Cuando liman sus machetes en el asfalto de la ruta, el ruido macabro que se produce
dispara la adrenalina o el pánico (que es lo mismo) de esos pobres condenados a
la tortura y a una muerte indigna. Los musulmanes también son sus hijos y su
sufrimiento es el de Dios. Quizá mañana ni siquiera saldrá la noticia en el
periódico, pero Dios lo ha visto todo y ha llorado con ellos. Porque, como dice
un amigo mío, Dios entiende mucho de guerras, porque es allí donde muchos lo
invocan… ¡Dios llora mucho en las guerras!”.
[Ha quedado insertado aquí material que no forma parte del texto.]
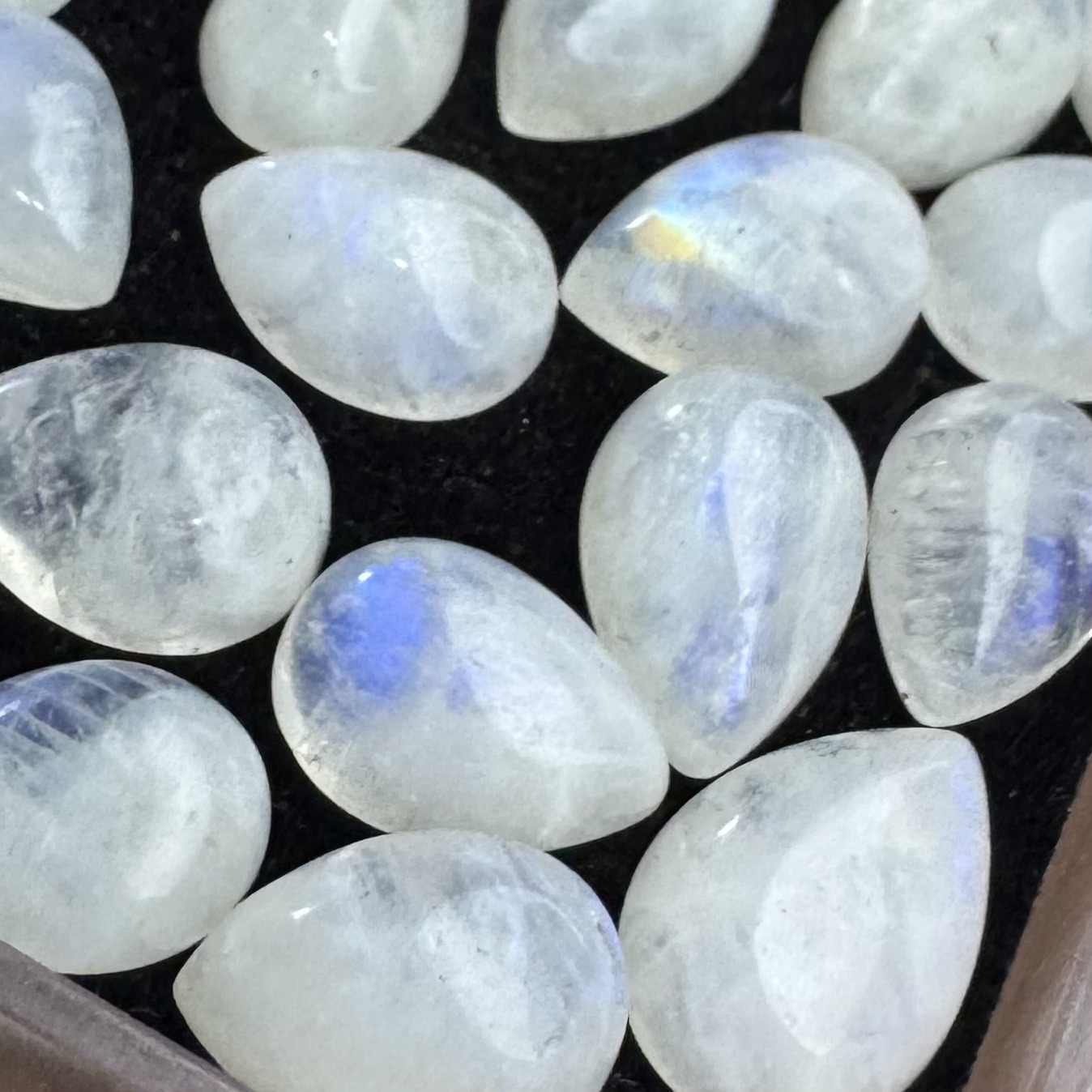 Pedra da Lua Natural de alta qualidade. Cabochão calibrado com cúpula lisa e base regular, ideal para caixinhas de joias ou cravaçao. Indicada para brincos, anéis e pingentes com forte efeito cintilante.

Juanjo es un obispo católico, pero es el servidor
de todos -cristianos y musulmanes-, y no mira el color de la piel para curar la
herida abierta por una bomba, para celebrar la Misa de Navidad mirando de reojo
las manos del director del coro manchadas de sangre o para no maldecir al
soldado rebelde que acaba de violar a la mujer de un catequista suyo. Él quiere
ver a través los ojos del Padre y, aunque le pesen los párpados por el polvo de
la metralla, es el tambor de resonancia de las alegrías y del sufrimiento de
aquellos que no podrán venir nunca a Europa a contárnoslo. Y lo hace sin
desvanecerse, con sus entrañas acariciando lo inhumano, pero confiado en un
Dios que le prometió el ciento por uno y que sabe que nunca le abandonará. “Cuando
hayamos pasado de este mundo al Padre, asegura, veremos todo; veremos, entonces,
cómo Dios ha visto y llorado la tortura y muerte de tantos musulmanes en 2014
en Centroáfrica, de la misma manera que, en 2013, tantos no musulmanes fueron
pisoteados en Bangassou por un criminal sudanés del Dafour que, por cierto,
tenía un nombre precioso: Ahdalah (Hijo de Alá)”.
A
solas con la muerte
Mons. Aguirre se seca el sudor de su
frente para confesarme que ha visto la muerte de muy cerca. Y no se refiere,
precisamente, a la hepatitis o al infarto que debilitaron su corazón hace unos
años, sino a tantos cuerpos pesados que ha visto morir o que ha abrazado en el
último suspiro. Pero él escurre su mérito y revela que les pasa a muchos profesionales
en los hospitales: “mi hermana enfermera llora y reza cuando amortaja a sus
pacientes muertos. No tiene ningún secreto. Eso te acerca más a esa Providencia
que te lleva en sus manos como un pájaro caído del nido es llevado por unas
manos protectoras. Esa Providencia puede estar pasando entre aguas turbulentas
que la agitan, pero sus manos están seguras. La hermana muerte es para mirarla
de frente, pero con mucho respeto. Como lo hizo el Cristo del Calvario”.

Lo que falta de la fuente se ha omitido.